I am not convinced so far, but it could be that I am missing something.

Per my proposal, multi-tenant nodes are intended as a key capability for production use rather than as a development-only extension, as there are valid use cases that require collaboration between low-level (nearly) baremetal nodes and their higher-level counterparts running on a higher-level POSIX OS.

Both the original draft and my new proposal require multicasting for pub/sub. Are you proposing to use some other transport for pub/sub that is not IP multicast? Unless you do, the dependency on multicasting is going to stay regardless of the design chosen.

1 Like

Can you please clarify more on that “Uber” enormous single computer use case with numerous virtual nodes in it, requiring several separate multi-cast groups talking to different publishers (or subscribers) over Ethernet outside and inside the computer - and that everything on just a single IP address?

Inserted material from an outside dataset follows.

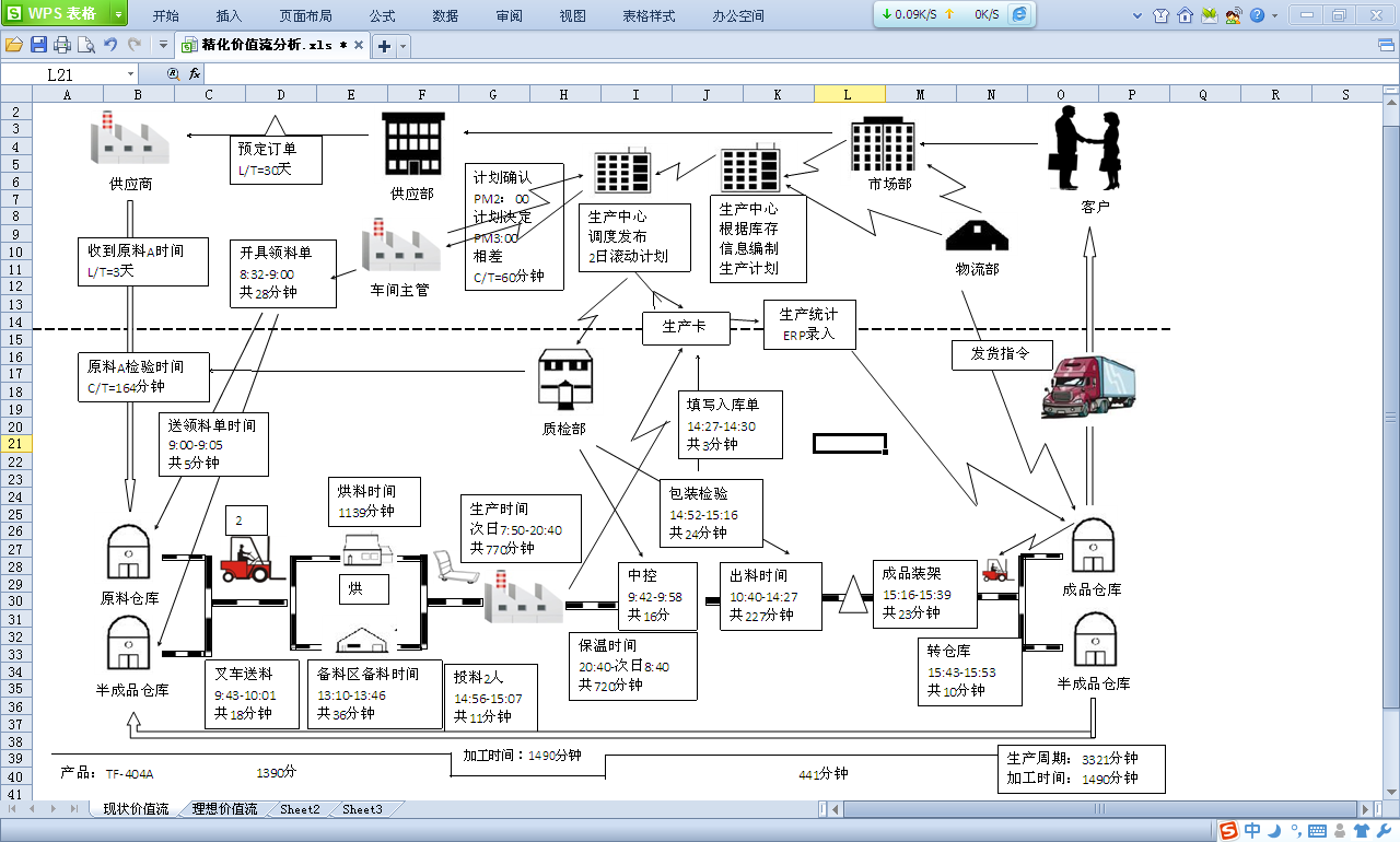 图5.21某化工企业TF-404A产品价值流程图(改善前)

I don’t see any real production use case for this example, but it looks truly artificial to me. Why is it such deficit of IPs and Ethernet cards for such a huge (and I believe already very expensive) computer/server? If it was a real monstrous super compute node in the system, then placing multiple network cards to support real networking needs looks the most appropriate solution. Or else, run software routing and make a virtual subnet (private network) inside that machine. But again - it is very low-level networking already available in Ethernet standards, so why should we reinvent a wheel here and go to the low level modifying how standard IP multicast work?

Yes, this huge system will be most likely needed for simulation and testing - i.e. placing the entire system with all the nodes on a single computer and simulate communications between them. But all the real h/w nodes look pretty modular devices decoupling functionality per one device. So, one IP per one h/w node looks very reasonable and the most common production use case. We can create a work around for testing/simulation easily - software routing, virtual private network, or just multiple ethernet cards physically connected together.

My proposal/example with different port numbers on a single IP was for rather realistic use cases when a few nodes are within the same multicast (or broadcast, unicast) group on the same IP. For example, multi motor controlling board, some aggregated battery management system, etc. Having simple small groups of same devices is much better for reliability, redundancy and reducing complexity rather than making a spaghetti-like big centralized systems with huge functionality and numerous tricky complicated communication paths. Such big systems just do not scale, but require huge development and maintenance effort. They are almost impossible to extend, improve and evolve in the future. You can see a lot of such examples on web apps and enterprise systems - everybody prefer to go to micro-services, simple small IoT devices, decentralized systems, simple RESTful interfaces, NoSql databases without huge central storage, etc. lightweight protocols.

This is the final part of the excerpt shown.